Since the late 1990s, the prescription of opioid medications has increased as a consequence of extensive misuse of opioids; however, the highly addictive nature of opioids has been overlooked. In 2017, the United States Department of Health and Human Services declared the opioid crisis an emerging public health challenge. It's crucial to note that opium serves as the primary constituent of opioids. Moving beyond the immediate risks associated with opium misuse, which include withdrawal syndrome and acute side effects, recent long-term health studies have uncovered a potential link between opium use, the fundamental ingredient of opioids, and an elevated cancer risk (Kamangar et al., 2014, Sheikh et al., 2020, Sheikh et al., 2020). The International Agency for Research on Cancer (IARC) affirmed that opium is carcinogenic to humans (Group 1) for urinary bladder, laryngeal, and lung cancers (Warnakulasuriya et al., 2020). limited available data for other subsites of head and neck cancer (HNC), including the lip, oral cavity, and pharynx, poses a challenge for researchers to establish a consensus on the association between opium use and HNC subsites (Alizadeh et al., 2020, Bakhshaee et al., 2017, Nalliah et al., 2018, Razmpa et al., 2014, Saedi et al., 2012, Sheikh et al., 2020).
Opium is extracted and dried from the opium poppy (Papaver somniferum) plant, comes in various forms, with raw opium being the most common. However, refined opium and dross are also utilized. The most common opioid drug that is intravenously abused is heroin. Other known abused opioid substances include opium, methadone, and prescription opioids. A load of alkaloids determines the carcinogenicity of opium use (Mohebbi et al., 2019); additionally, the incomplete combustion of coal used in opium evaporation exposes users to polycyclic aromatic hydrocarbons (PAHs). PAH's metabolites can produce DNA adducts, leading to DNA mutations, alteration of gene expression profiles, and tumorigenesis (Etemadi et al., 2020).

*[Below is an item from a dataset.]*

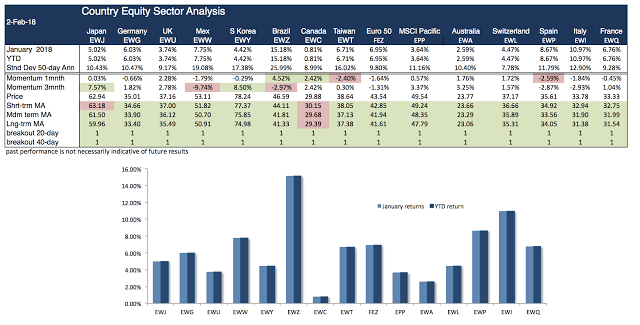 Good gains in Italy, Spain, Brazil and Mexico are consistent with the increases in global growth in emerging markets as well as the eurozone. There should be some concern with future returns in Japan and Canada based on short-term moving averages.

A possible association between opioid use and specific malignancies was previously suggested by sparse reports (Grinshpoon et al., 2011, Khoo, 1981, Mohebbi et al., 2021, Mousavi et al., 2003, Shoffel‐Havakuk et al., 2018). Recognizing the association between opium and specific malignancies is important. It can help identify high-risk populations and may also have an important role in the management of these oncologic patients since current pain control in oncologic patients often includes opioid agents (Cata et al., 2014, Cata et al., 2015).
Based on the limitations of previous studies, a comprehensive search strategy through main academic databases and gray literature was designed to gather evidence with head and neck cancer subsites (M. Filho et al., 2023, Singh et al., 2021). With consideration of the literature gaps mentioned above, the current systematic review aimed to estimate HNC among opium users with subgroup analysis considering characteristics including subsites of HNC, and opium definition.